English politician (died 1815)

Ambrose Goddard (c.1727–1815) was a British merchant and landowner who sat in the House of Commons from 1772 to 1806.

Goddard was the third son of Ambrose Goddard and his wife Elizabeth Awdry, daughter of Ambrose Awdry of Seend, Wiltshire. He was educated at Winchester College from 1743 to 1745. He settled in Lisbon where he was involved in merchant activities and was an agent for the Post Office there until 1772. On the death of his elder brother in 1770, he succeeded to the family inheritance and returned to Wiltshire. He married Sarah Williams, daughter of Rev. Thomas Williams of Pilrowth, Carmarthenshire on 16 August 1776.
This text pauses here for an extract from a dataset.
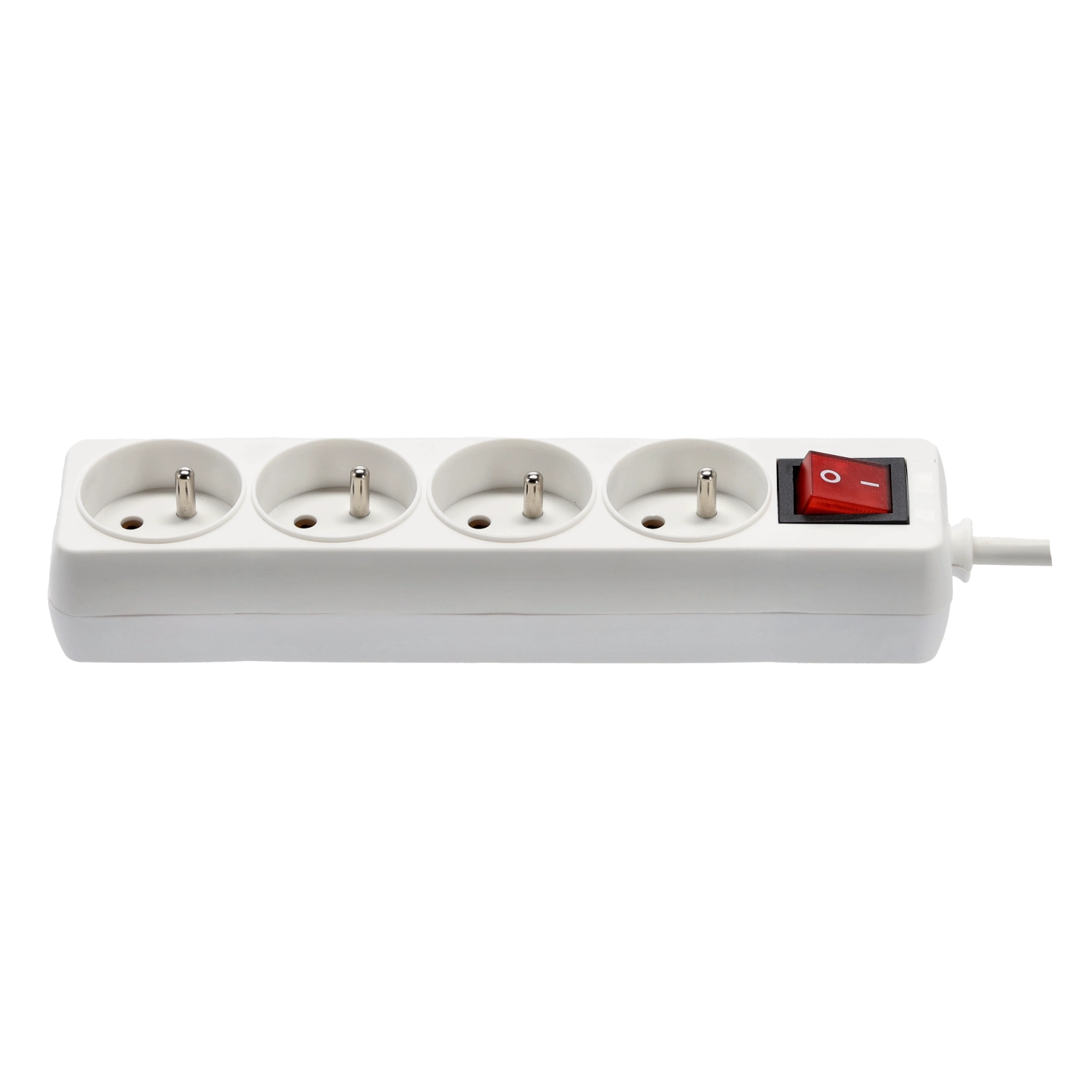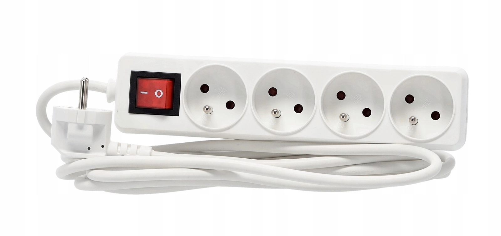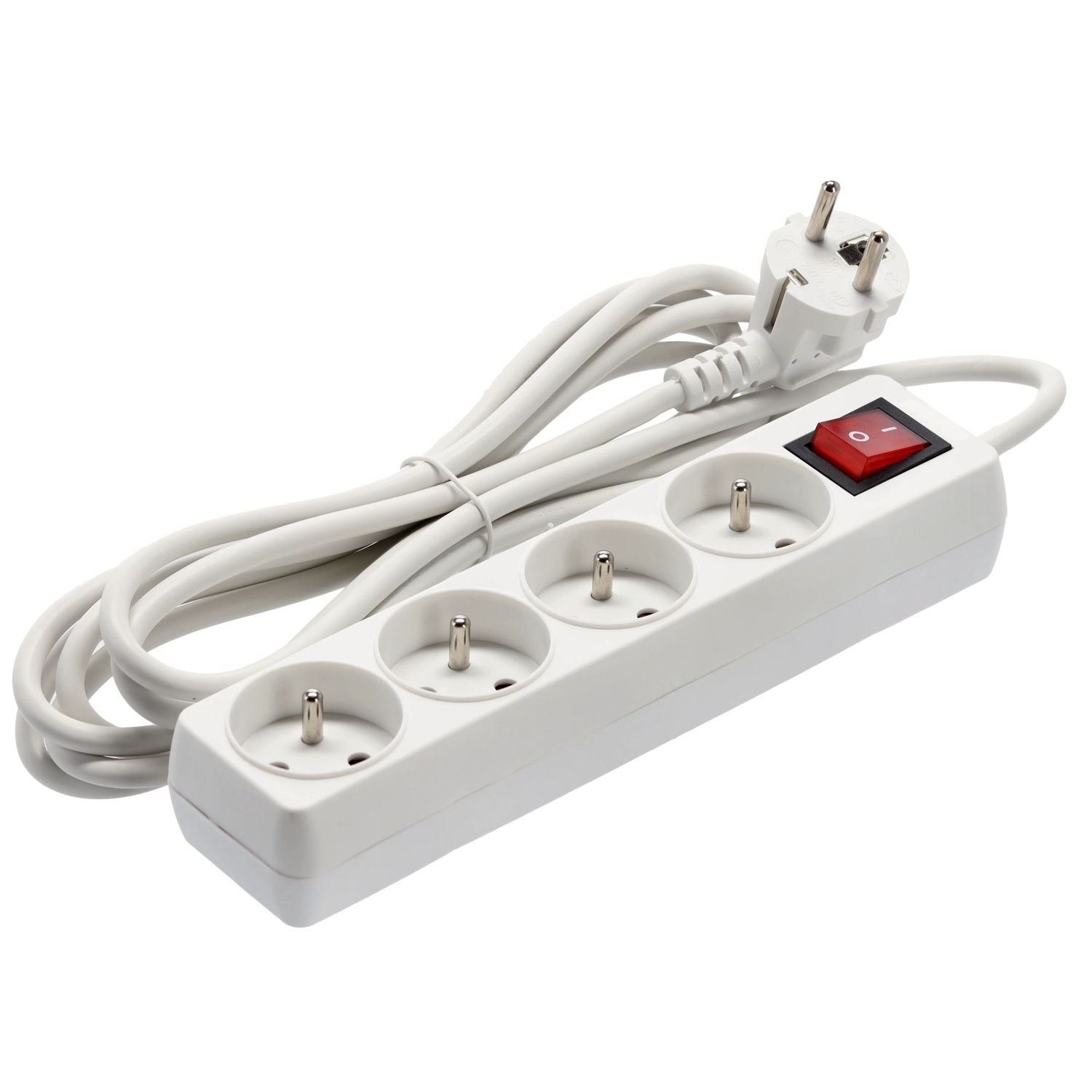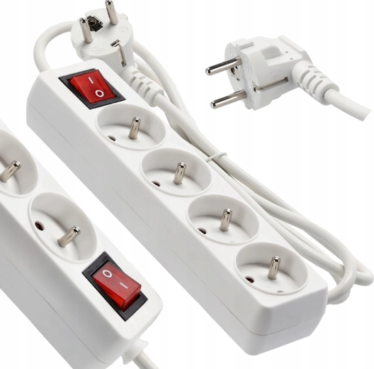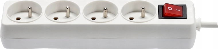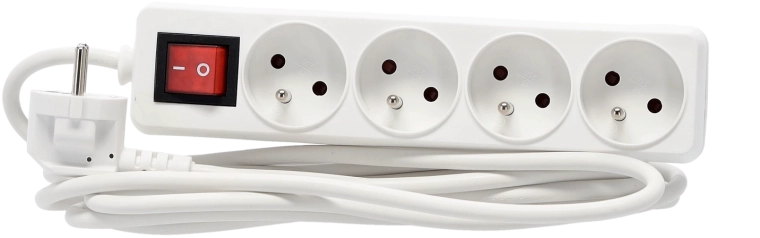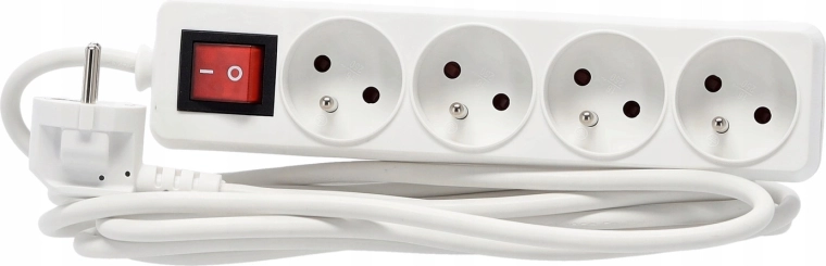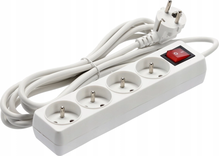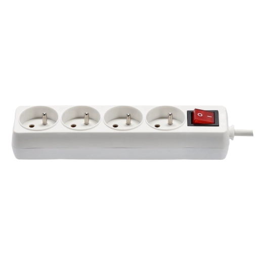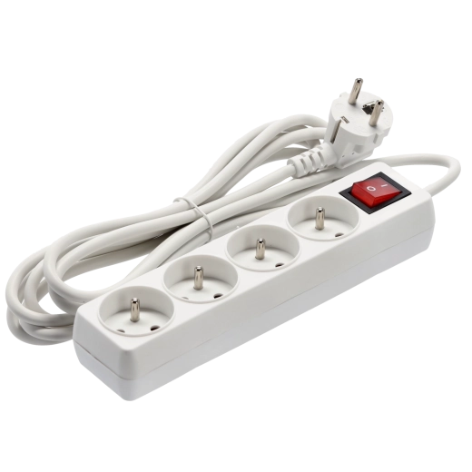 Praktische witte stekkerdoos met 4 stopcontacten, 3 m koperen kabel en verlichte hoofdschakelaar voor veilig en comfortabel beheer van de stroomvoorziening van meerdere apparaten tegelijk. Biedt een stevige constructie, kinderbeveiliging en betrouwbare specificaties voor zowel thuis als op kantoor.

Goddard was returned as Member of Parliament for Wiltshire at a by-election on 21 August 1772 after a hard-fought and expensive contest. He was returned unopposed in 1774 and 1780. In 1784 he was a member of the St. Alban's Tavern group who tried to bring Fox and Pitt together. He held the seat until 1806.

Goddard died on 19 June 1815. He and his wife Sarah had three sons and seven daughters; from 1788 they employed Agnes Porter as governess. His sons Thomas Goddard and Ambrose Goddard became MPs for Cricklade.